This application claims the priority benefit of Taiwan application serial no. 106132684, filed on Sep. 22, 2017. The entirety of the above-mentioned patent application is hereby incorporated by reference herein and made a part of this specification.
The invention relates to a block-based principal component analysis transformation method and a device thereof, and more particularly to a principal component analysis transformation method and a device thereof that recover the original signal with a smaller data size.
When the traditional principal component analysis (PCA) processes a signal, since the signal has quite large dimensions, the calculation cost for capturing the eigenvector and eigenvalues is also very high. Some related researches proposed solving this problem with hardware, but such solution significantly increases the cost on hardware. As such, how to perform PCA transformation more efficiently is a crucial subject in the industry.
In this concern, the invention provides a block-based principal component analysis transformation method and a device thereof that completely reconstruct the original signal with a small data size.
The invention provides a PCA transformation method and a device thereof, including: obtaining an input signal; dividing the input signal and obtaining a plurality of one-dimension vectors corresponding to the divided input signal, wherein a number of the plurality of one-dimension vectors is a division number; after arranging the plurality of one-dimension vectors to a two-dimension vector, subtracting an average value of the plurality of one-dimension vectors in the number of the division number to obtain a zero-mean vector; calculating a covariance matrix of the zero-mean vector; calculating an eigenvector of the covariance matrix; and multiplying the zero-mean vector by the eigenvector to obtain a projection coefficient.

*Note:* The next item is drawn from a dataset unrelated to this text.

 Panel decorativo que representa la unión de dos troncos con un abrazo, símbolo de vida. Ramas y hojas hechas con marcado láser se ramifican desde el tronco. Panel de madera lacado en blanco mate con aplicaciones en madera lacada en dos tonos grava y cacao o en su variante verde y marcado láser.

In an embodiment of the invention, the input signal is a one-dimension signal, and the processes of dividing the input signal and obtaining the plurality of one-dimension vectors corresponding to the divided input signal includes: dividing the one-dimension signal to a plurality of frames and obtaining the plurality of one-dimension vectors according to a plurality of sampling points corresponding to the plurality of frames.

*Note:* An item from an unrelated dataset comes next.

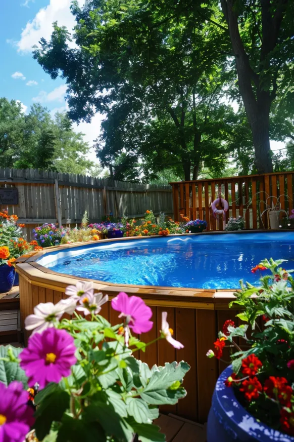 This above-ground pool design is a true celebration of color and nature. The pool is surrounded by a vibrant array of flowers in bright hues, creating a cheerful, garden-like atmosphere. The lush greenery and towering trees in the background further enhance the sense of peace and privacy, while the wooden deck and surrounding flower pots add a rustic charm. The wooden fence offers a sense of seclusion, making it feel like a private oasis that’s perfect for relaxing and enjoying the outdoors.
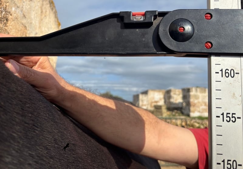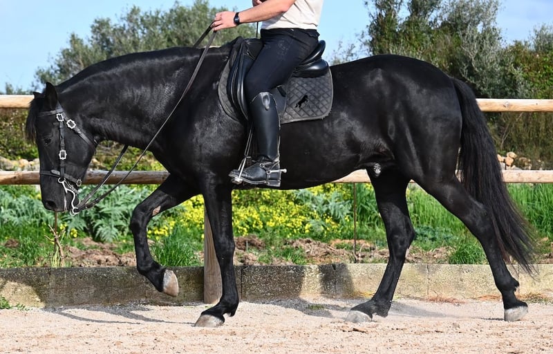Dieser 2021 geborene, reinrassige Menorquinhengst, ist ein schön barocker Rassevertreter. Und wie es das höchste Zuchtziel wünscht, komplett schwarz, ohne weiße Abzeichen und er hat sogar die seltenen "Leopardenflecken", die durchs Fell schimmern. Mit 5 Jahren ist er noch nicht ganz ausgewachsen (aktuell 162cm) und er ist auch gerade in einem Wachstumsschub, denn die Hinterhand ist gerade etwas höher ;) Ihm ist bisher nur ein Hoden heruntergekommen, was ihn leider aus der Zucht ausschließt, denn so wird er nicht angekört. Der Hoden ist nicht tastbar, was bedeutet, eine Kastration vor Ort, wäre in diesem Fall auch nicht möglich, denn auf Menorca gibt es keine Klinik, was nötig wäre, bei dieser Laune der Natur. Bis 3.5 Jahre durfte der Bursche komplett roh in der Hengstherde aufwachsen und einfach Pferd sein und seine Sozialkontakte bestens pflegen. Nun lebt er in einer großen Paddockbox und als Nachbarn hat er seine Kumpels, mit denen er großwerden durfte. Diese Aufzucht und Haltung macht sich bezahlt, denn er ist absolut tiefenentspannt, dem Menschen gegenüber sehr achtsam und selbst wenn ihm beim Putzen ein Pony am Schweif herumzupft, weil der Paddock neben dem Putzplatz ist, wackelt er nicht einmal mit den Ohren. Er wurde klassisch englisch auf Trense angeritten und vor einiger Zeit auf die örtlich typische Doma Menorquina umgestellt, die einhändig geritten wird. Dabei macht er sich so gut, dass er dieses Jahr vermutlich schon auf Turniere gehen wird. Seine Bewegung ist schön und trotz des barocken Exterieurs, ist er sehr biegsam und geschmeidig, was ihn auch für die Working Equitation interessant macht! Der spanische Schritt ist angefangen und auch den typischen BOT hat er bereits gelernt. Ganz konzentriert ist er permanent beim Reiter, wenn er unterm Sattel ist und macht alles mit Ruhe und Gelassenheit. Typisch Menorquin hat er super Hufqualität und läuft daher problemlos barhuf. Im Händling ist er super und sehr erzogen, an der Longe (nur Stallhalfter!) präsentiert er seine Gänge und Flexibilität mit Lebensfreude und unterm Sattel ist er erstaunlich gesetzt für ein Pferd in seinem Alter. Sein Standort ist Menorca. Videos und Abstammung gerne auf Anfrage. Gerne organisiere ich vor Ort eine AKU, Beritt, Transport oder auch ihre Reise, sollten Sie persönlich zum Anschauen kommen. Details dazu gerne auf meiner Seite oder im Gespräch. Saludos aus Spanien

In an embodiment of the invention, the one-dimension signal is a speech signal.
In an embodiment of the invention, the input signal is a two-dimension signal, and the processes of dividing the input signal and obtaining the plurality of one-dimension vectors corresponding to the divided input signal includes: dividing the two-dimension signal to a plurality of blocks, obtaining a plurality of two-dimension matrices corresponding to a plurality of pixels of the plurality of blocks, and transforming the plurality of two-dimension matrices to the plurality of one-dimension vectors.
In an embodiment of the invention, the two-dimension signal is an image signal.
In an embodiment of the invention, the principal component analysis transformation method of the invention further includes: multiplying the projection coefficient by an inverse matrix of the eigenvector to obtain a reconstructed zero-mean vector; adding the average value to the reconstructed zero-mean vector to obtain a recovered one-dimension vector; and arranging the recovered one-dimension vector to a recovered input signal.
The invention provides a block-based principal component analysis transformation device, including a processor and a memory coupled to the processor, wherein the processor obtains an input signal; divides the input signal and obtains a plurality of one-dimension vectors corresponding to the divided input signal, wherein a number of the plurality of one-dimension vectors is a division number; after arranging the plurality of one-dimension vectors to a two-dimension vector, subtracting an average value of the plurality of one-dimension vectors in the number of the division number to obtain a zero-mean vector; calculates a covariance matrix of the zero-mean vector; calculates an eigenvector of the covariance matrix; and multiplies the zero-mean vector by the eigenvector to obtain a projection coefficient.
In an embodiment of the invention, the input signal is a one-dimension signal, and the processor divides the one-dimension signal to a plurality of frames and obtains the plurality of one-dimension vectors according to a plurality of sampling points corresponding to the plurality of frames.
In an embodiment of the invention, the input signal is a two-dimension signal, and the processor divides the two-dimension signal to a plurality of blocks, obtains the plurality of two-dimension matrices corresponding to a plurality of pixels of the plurality of blocks and transforms the plurality of two-dimension matrices to the plurality of one-dimension vectors.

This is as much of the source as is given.